La guerre des camemberts n’est toujours pas finie
Le tribunal administratif de Caen a annulé des injonctions de la répression des fraudes. Il a donné raison à des industriels tels Lactalis, Gillot ou Isigny-sainte-mère, qui arborent le mot « Normandie » sur des étiquettes de camemberts.
Le tribunal administratif de Caen a donné raison, le 12 février 2024, à des industriels tels Lactalis, Gillot ou Isigny-saintemère qui arborent le mot « Normandie » sur des étiquettes de camemberts n’étant pas fabriqués selon le cahier des charges de L’AOP (Appellation d’origine protégée). Le tribunal a ainsi annulé les injonctions de la DGCCRF (Direction générale de la concurrence, de la consommation et de la répression des fraudes) de 2021 et 2022.
Sur la forme, mais pas sur le fond
Dès mardi 13 février, L’ODG (Organisme de défense et de gestion) des quatre fromages AOP de Normandie et le Cnaol (Conseil national des appellations d’origine laitières) ont réaffirmé que «seule L’AOP Camembert de Normandie peut utiliser le terme Normandie ». «Le tribunal administratif de Caen a annulé des injonctions de la DGCCRF pour des raisons de forme, mais il ne remet rien en cause sur le fond », défendent-ils.
L’ODG et le Cnaol jugent que «les décisions du 12 février du tribunal administratif de Caen ne doivent pas faire oublier que le principe de protection de L’AOP a été réaffirmé par le Conseil d’état, par ses décisions du 22 juillet 2022 et du 4 décembre 2023, ni détourner les opérateurs et L’ODG de leur engagement dans le développement de la qualité et de la notoriété de L’AOP Camembert de Normandie. L’interdiction d’utiliser la mention » Camembert fabriqué en Normandie « en application de la réglementation européenne des Appellations d’origine Protégées a été jugée comme un principe intangible en 2022 par le Conseil d’état, plus haute juridiction administrative de l’état ».

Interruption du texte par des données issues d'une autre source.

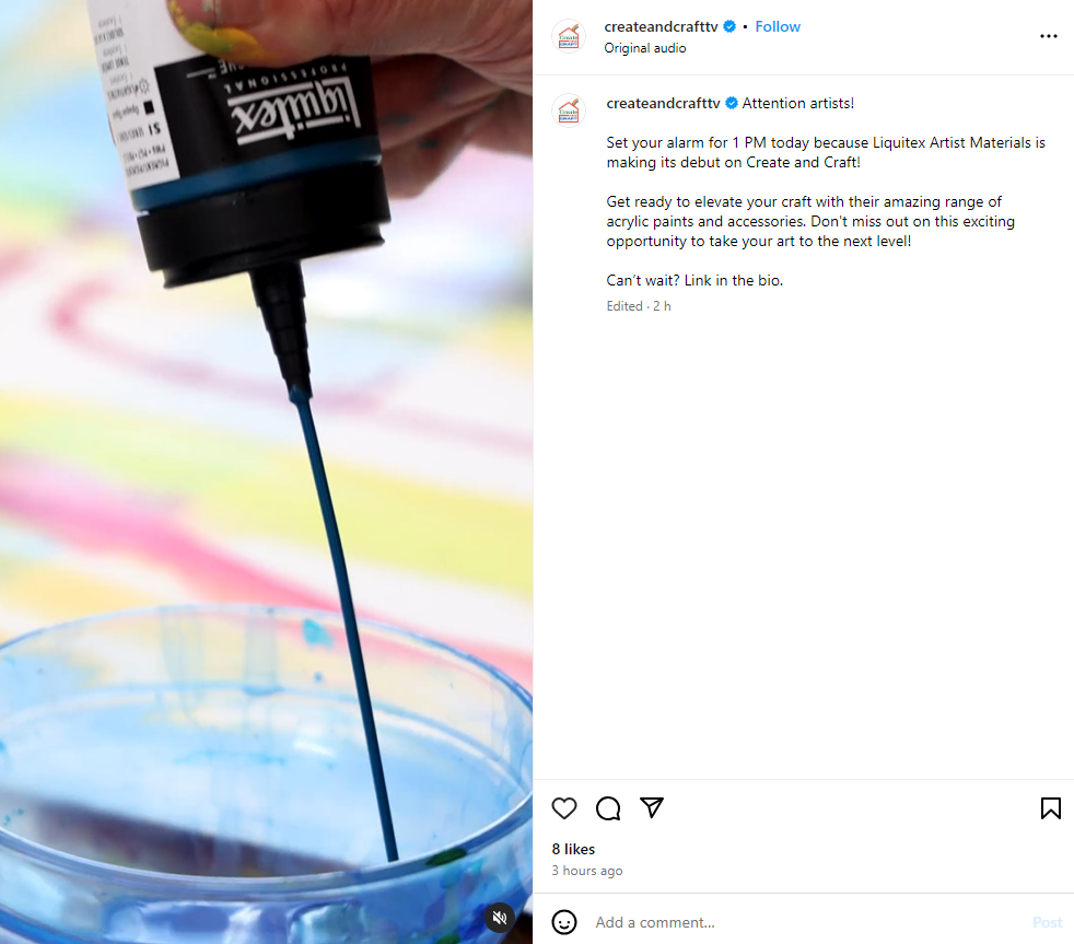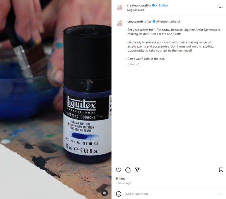The customer has put Liquitex on their homepage, posted a video to their social media channels and emailed their customers ahead of the event to generate momentum in the build up to the show.

En effet, le 22 juillet 2022, il a été jugé pour les fromages ne répondant pas au cahier des charges : «il ne saurait être fait mention, en association avec le terme générique » camembert », de l’origine « Normandie », laquelle ne constitue pas un terme générique ». Le 4 décembre dernier, le Conseil d’état dans les mêmes termes a réitéré ce jugement. »
«La large protection est la naturelle contrepartie à la valorisation de tous les efforts continuellement consentis depuis des décennies par les éleveurs et transformateurs pour valoriser ce patrimoine gastronomique. Des entreprises contestent les conditions de mise en oeuvre de cette protection », expliquent l’organisme et le conseil national.
Appel à l’apaisement
Benoît Duval, éleveur dans l’orne et président de L’ODG Camembert de Normandie, et David Aubrée, directeur de la fromagerie Réo et président de l’association des fromages AOP de la région Normandie, « appellent les entreprises concernées à ne plus perdre de temps dans les contentieux et à s’adapter, et dans le respect du droit, à créer de la valeur avec leurs marques et à la partager avec les producteurs de lait ».
L’organisme et le conseil national « souhaitent que chacun trouve sa place sur le marché dans le respect de L’AOP Camembert de Normandie, au bénéfice des producteurs et transformateurs qui respectent le cahier des charges. » Ils « invitent donc les entreprises concernées à l’apaisement et à s’adapter sur les marchés au profit de la filière dans son ensemble, en faisant preuve de leur grande capacité d’innovation ».
« L’AOP Camembert de Normandie est protégée contre toute utilisation commerciale directe ou indirecte de sa dénomination et les étiquettes des Camemberts non AOP ne peuvent comporter des mentions prêtant à confusion pour le consommateur y compris sur la provenance du lait », réaffirment-ils.